Study finds role of ligands in allergic sensitization phase
Researchers from Universidad Politécnica de Madrid (UPM) find direct evidence that the ligands, compounds carried by allergens, are actively involved in the allergic sensitization phase.
Researchers from Centre for Plant Biotechnology and Genomics (CBGP), a joint research centre of UPM and INIA, ha found that certain compounds carried by allergic proteins would be collaborating agents needed in the processes that trigger immune responses with the appearance of allergic symptoms.

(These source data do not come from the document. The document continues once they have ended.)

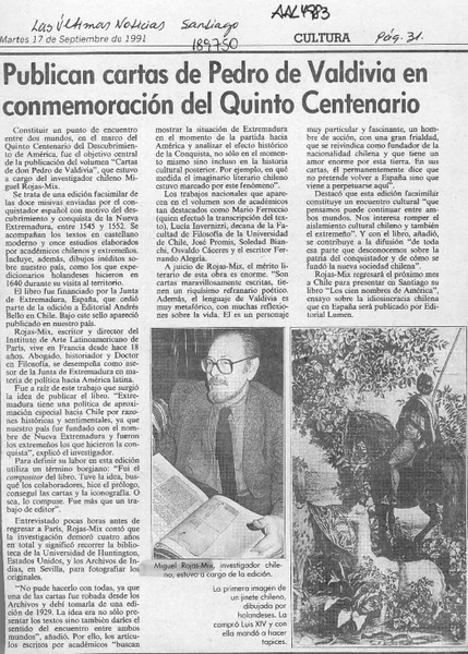 Publican cartas de Pedro de Valdivia en conmemoración al quinto centenario [artículo]
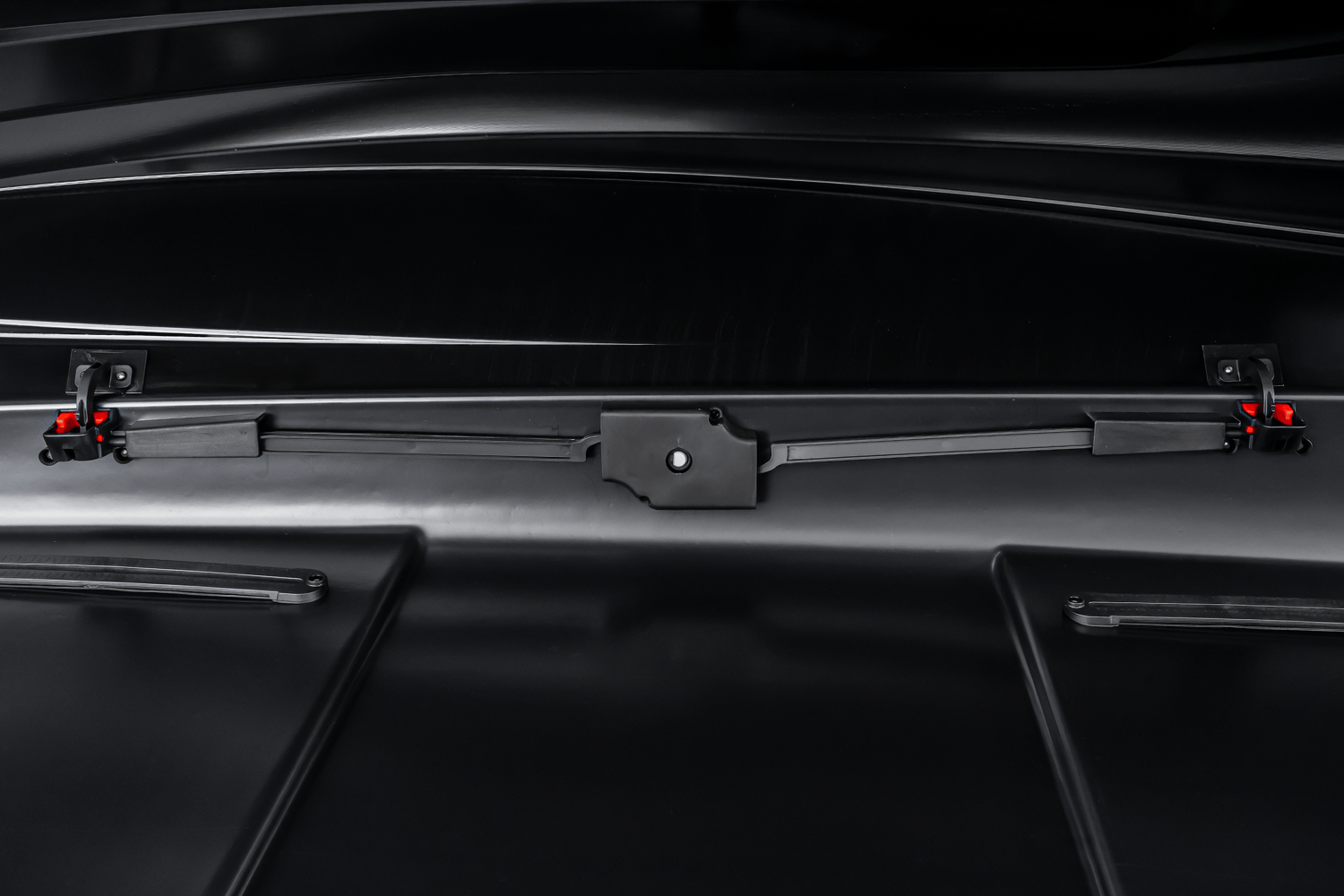 Das Set enthält außerdem Textilgurte zur Sicherung des Gepäcks während des Transports (die Box verfügt über spezielle Stellen zum Befestigen der Gurte, die in das Befestigungssystem eingebettet sind).
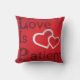Kärlek är patient på en röd hjärtbakgrund kudde
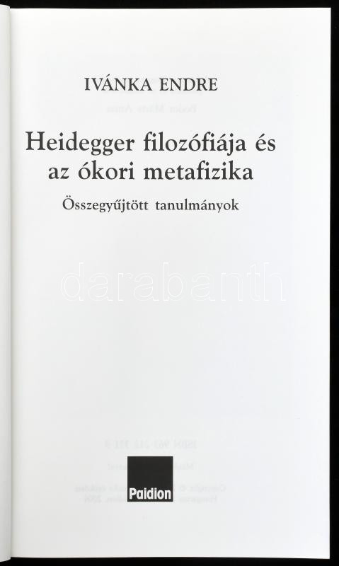 Ivánka Endre: Heidegger filozófiája és az ókori metafizika. Összegyűjtött tanulmányok. Bp., 2004, Paidion. Kiadói papírkötés, jó állapotban.

This study was carried out by researchers from Mount Sinai Hospital in New York, Swiss Allergy Centre in Zurich and Institute of Applied Molecular Medicine of Universidad San Pablo CEU in Madrid. The obtained results will help develop preventive methods and effective treatments for allergies.
In spite of a great effort, fundamental questions on the molecular and immunological origin of allergies are still ignored. Many studies have sought solutions to an ancient enigma: why some proteins cause allergies despite being very similar to others that are harmless. Researchers achieved to identify the proteins which are common allergens are in pollen, mites, domestic animals, food…
Unfortunately, the characteristics of these proteins linked to allergens have been not found yet. However, in recent years a hypothesis developed in collaboration with the allergens group of CBGP has gained importance: certain compounds carried by the allergen proteins, known as ligands, would act as necessary collaborator agents in the allergic sensitization phase.
Pru p 3 was the protein selected for this study. This protein is responsible for the peach allergy, being very common in Mediterranean countries. The CBGP team has recently identified in a study the natural ligand of Pru p 3 as a compound formed by an alkaloid attached to a hydrocarbon tail. In the current study, the team has found direct evidence of the participation of the Pru p 3 ligand in the processes of the immune system recognition in the allergic sensitization phase.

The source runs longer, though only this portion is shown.